Dataset records:

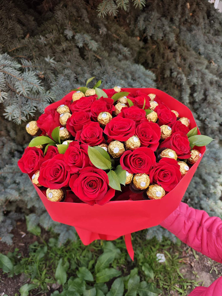 Our photo shows 15 roses +16 Ferreros bouquet, but you could order a smaller or a bigger one.
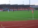 After a ten minute walk I arrived at the stadium and paid my 90DKR (about £8) to enter the ground about 5 minutes after kick off. First impressions of the stadium were not particularly good. It had one big covered stand that had around a dozen rows of seats and one temporary terrace of four steps on the other side. Behind one goal was a large grass bank where some fans were sitting enjoying the late afternoon sunshine and a beer. There was a small athletics track running around the pitch which didn’t really retract from the viewing positions.
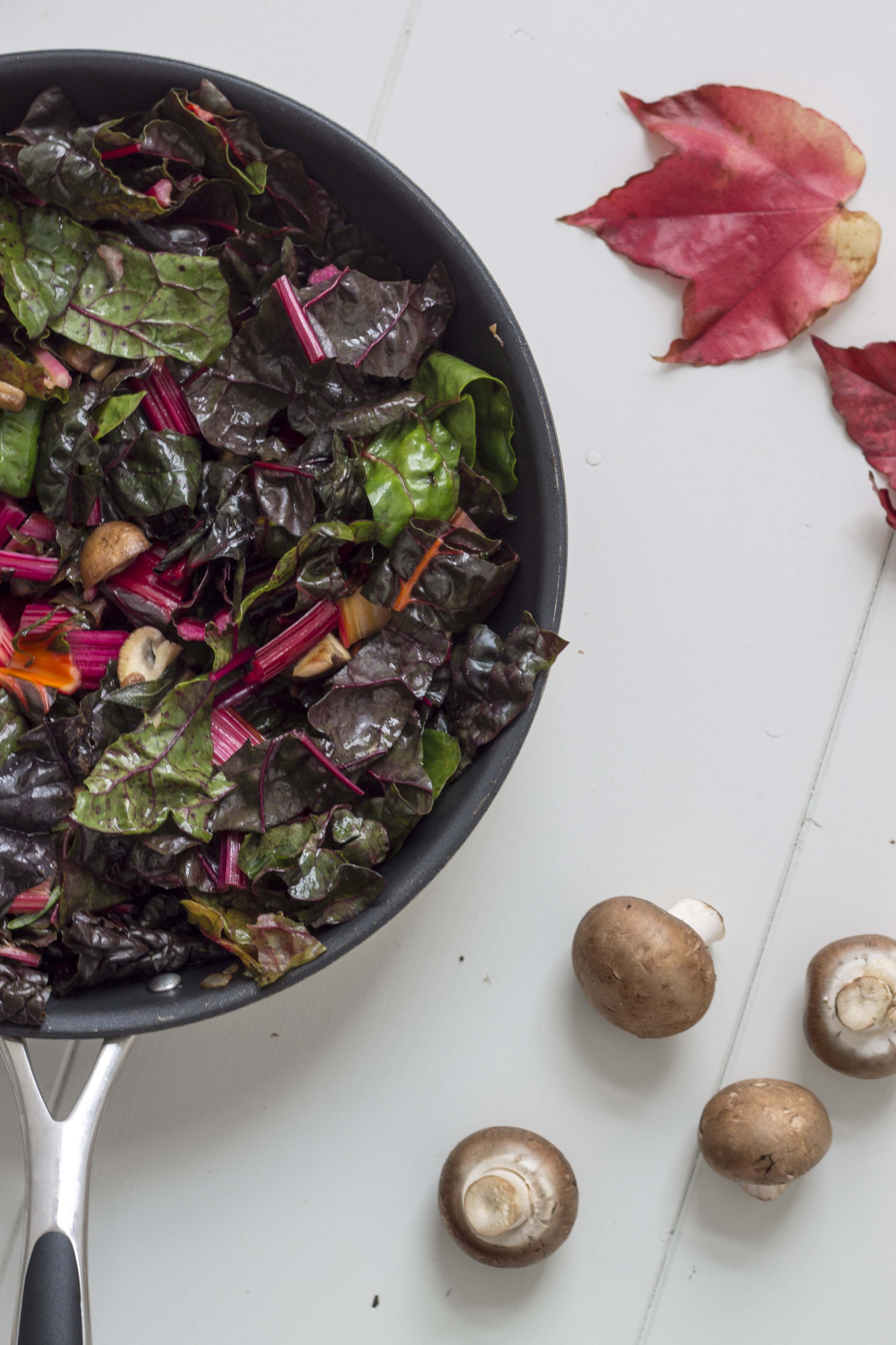 Heat oil in a large skillet over medium heat. Add onion and cook until translucent. Add mushrooms, rosemary and dukkah. Cook for about 5 minutes and add chard for about 3 minutes.
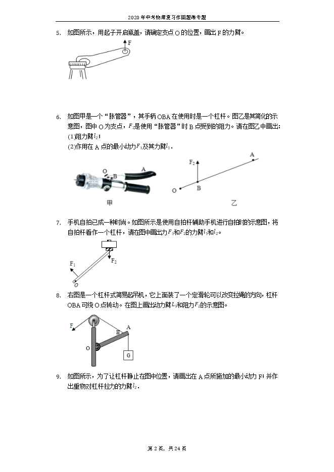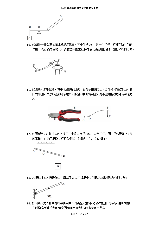 2020年中考物理复习作图题微专题《杠杆作图》强化训练题(附答案和解析)
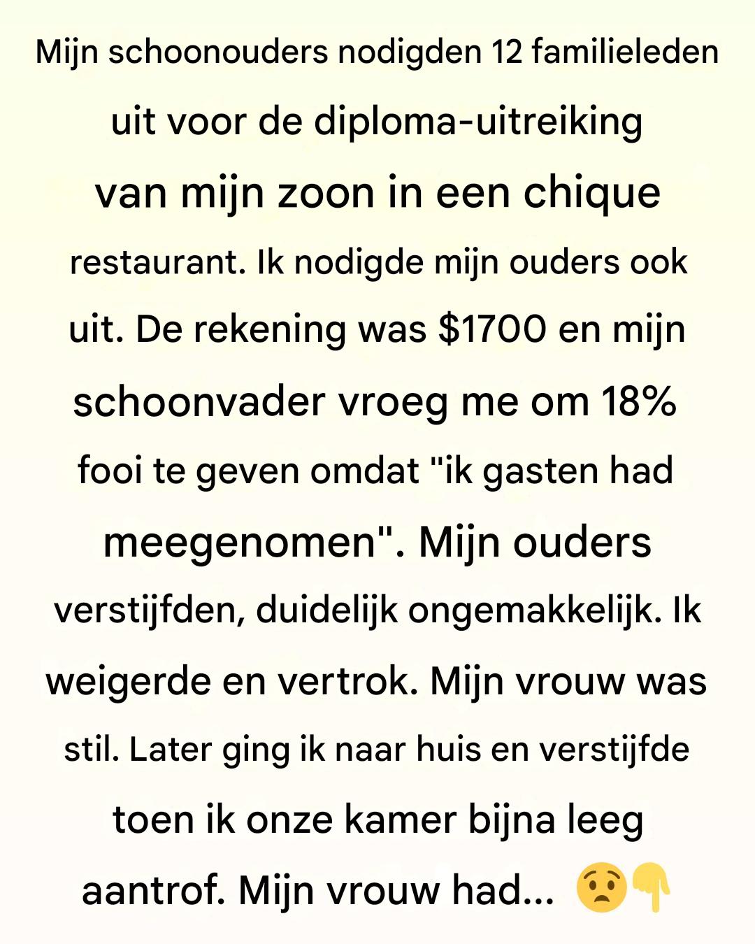 Mijn schoonouders hadden een groot diner gepland om het afstuderen van onze zoon op de middelbare school te vieren. Ze kozen voor een chique restaurant in het centrum – het soort met kroonluchters, linnen servetten en een menu zonder prijzen. Twaalf familieleden van mijn vrouw’s kant waren uitgenodigd, en toen ik voorstelde dat mijn ouders ook bij ons zouden komen – het was tenslotte de grote dag van hun kleinzoon – stemde mijn vrouw zonder aarzelen toe. Ik dacht dat het een heerlijke, familiale avond zou worden.
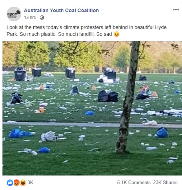 “Look at the mess today’s climate protesters left behind in beautiful Hyde Park. So much plastic. So much landfill,” read post’s caption.
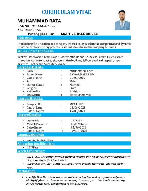 اسمي محمد رضا، ابحث عن وظيفة سائق مركبة خفيفة. لدي خبرة سنتين في الامارات العربية المتحدة
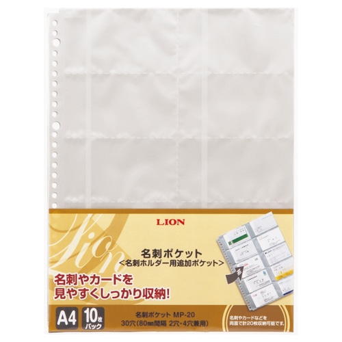 ライオン事務器 名刺ポケット A4タテ 2・4・30穴 両面20ポケット ヨコ入れ MP-20 1パック(10枚)
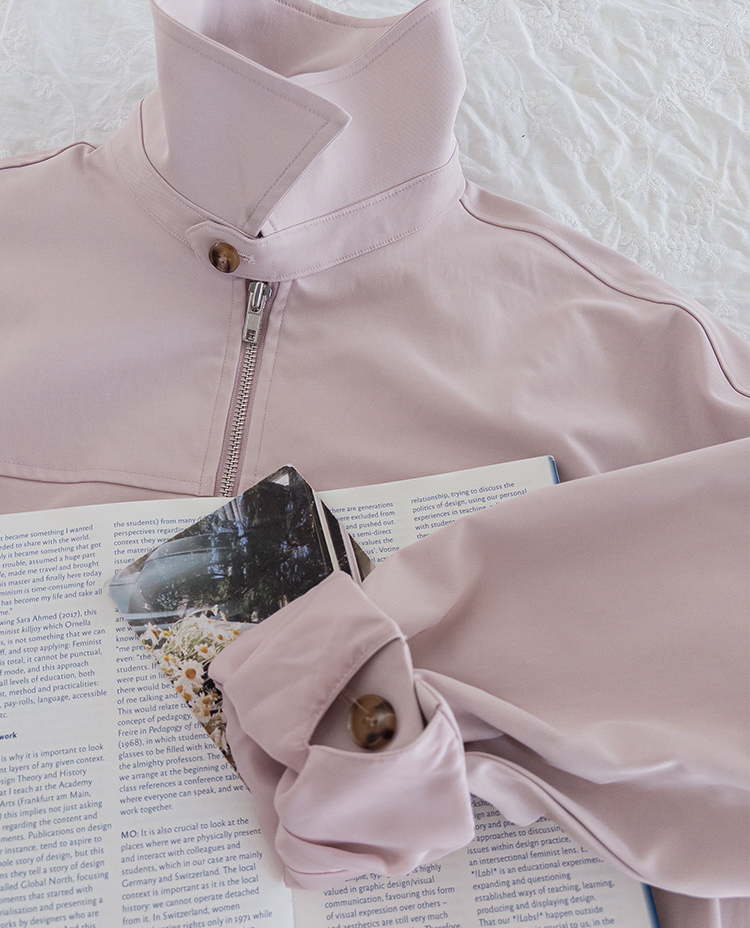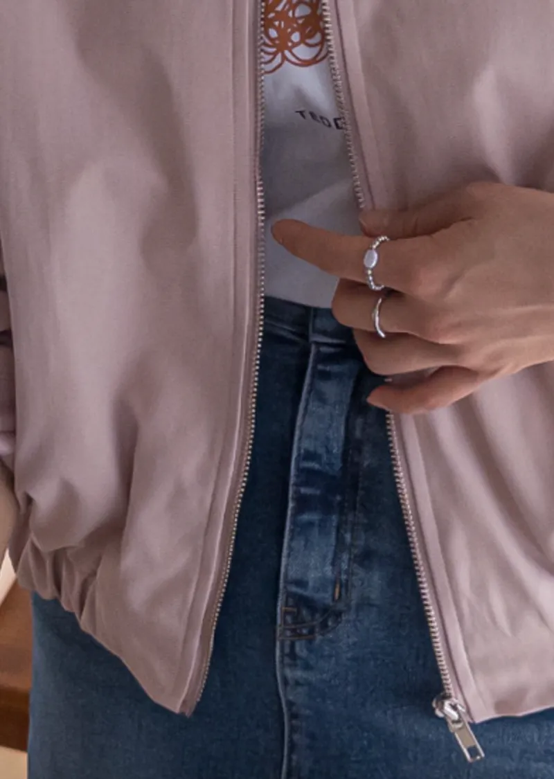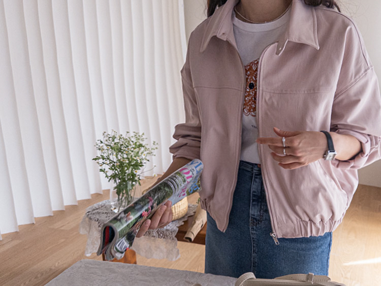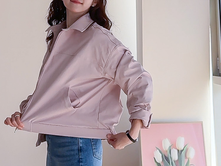 鈕扣】【前拉鍊設計,方便穿脫】【下擺彈性鬆緊帶打造休閒輪廓】【袖口褶襉設計,營造立體感】
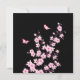 This feminine birthday invitation card features pretty pink cherry blossoms and a cute butterfly on a black background.
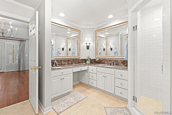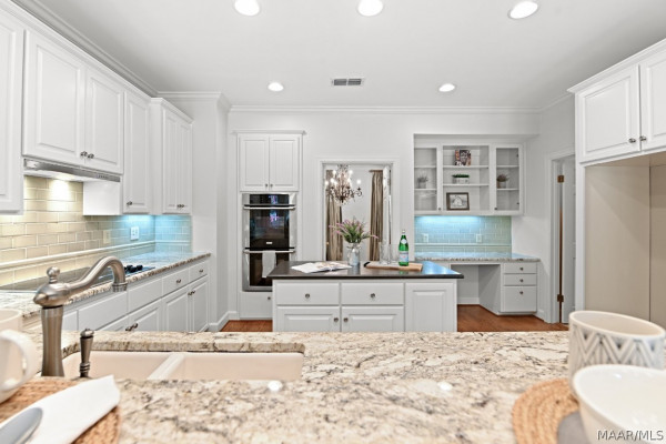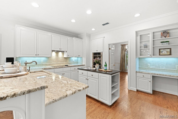 This exceptional 4-5 bed 4.5 bath home is situated on a large (almost an acre) lot in Wynlakes. The recent updates have a timeless quality with stylish fixtures, plantation shutters, and wood and tile floors throughout. This floor plan is excellent for entertaining with a formal living room and formal dining room that flank the entry. The great room has a gas fireplace centered between built-in bookshelves and double doors to the screened porch. The kitchen boasts an island, built-in desk, 2 pantries, granite countertops, and stainless appliances including an Electrolux dishwasher and double ovens, and a Kitchen Aid smooth surface cook top. In-laws or guests will appreciate the downstairs guest bedroom and private bathroom. Located upstairs, the primary bedroom has a gas fireplace, a beautifully updated bathroom, and a screened porch overlooking the extensively landscaped backyard. There are also two guest rooms, 2 full bathrooms, and a large bonus/bedroom with built-ins upstairs.

## Exercise directions
Start at the first line and set down all of the data exactly, passing over the pictures.

## Answer for the task
 Our photo shows 15 roses +16 Ferreros bouquet, but you could order a smaller or a bigger one.
 After a ten minute walk I arrived at the stadium and paid my 90DKR (about £8) to enter the ground about 5 minutes after kick off. First impressions of the stadium were not particularly good. It had one big covered stand that had around a dozen rows of seats and one temporary terrace of four steps on the other side. Behind one goal was a large grass bank where some fans were sitting enjoying the late afternoon sunshine and a beer. There was a small athletics track running around the pitch which didn’t really retract from the viewing positions.
 Heat oil in a large skillet over medium heat. Add onion and cook until translucent. Add mushrooms, rosemary and dukkah. Cook for about 5 minutes and add chard for about 3 minutes.
 2020年中考物理复习作图题微专题《杠杆作图》强化训练题(附答案和解析)
 Mijn schoonouders hadden een groot diner gepland om het afstuderen van onze zoon op de middelbare school te vieren. Ze kozen voor een chique restaurant in het centrum – het soort met kroonluchters, linnen servetten en een menu zonder prijzen. Twaalf familieleden van mijn vrouw’s kant waren uitgenodigd, en toen ik voorstelde dat mijn ouders ook bij ons zouden komen – het was tenslotte de grote dag van hun kleinzoon – stemde mijn vrouw zonder aarzelen toe. Ik dacht dat het een heerlijke, familiale avond zou worden.
 “Look at the mess today’s climate protesters left behind in beautiful Hyde Park. So much plastic. So much landfill,” read post’s caption.
 اسمي محمد رضا، ابحث عن وظيفة سائق مركبة خفيفة. لدي خبرة سنتين في الامارات العربية المتحدة
 ライオン事務器 名刺ポケット A4タテ 2・4・30穴 両面20ポケット ヨコ入れ MP-20 1パック(10枚)
 鈕扣】【前拉鍊設計,方便穿脫】【下擺彈性鬆緊帶打造休閒輪廓】【袖口褶襉設計,營造立體感】
 This feminine birthday invitation card features pretty pink cherry blossoms and a cute butterfly on a black background.
 This exceptional 4-5 bed 4.5 bath home is situated on a large (almost an acre) lot in Wynlakes. The recent updates have a timeless quality with stylish fixtures, plantation shutters, and wood and tile floors throughout. This floor plan is excellent for entertaining with a formal living room and formal dining room that flank the entry. The great room has a gas fireplace centered between built-in bookshelves and double doors to the screened porch. The kitchen boasts an island, built-in desk, 2 pantries, granite countertops, and stainless appliances including an Electrolux dishwasher and double ovens, and a Kitchen Aid smooth surface cook top. In-laws or guests will appreciate the downstairs guest bedroom and private bathroom. Located upstairs, the primary bedroom has a gas fireplace, a beautifully updated bathroom, and a screened porch overlooking the extensively landscaped backyard. There are also two guest rooms, 2 full bathrooms, and a large bonus/bedroom with built-ins upstairs.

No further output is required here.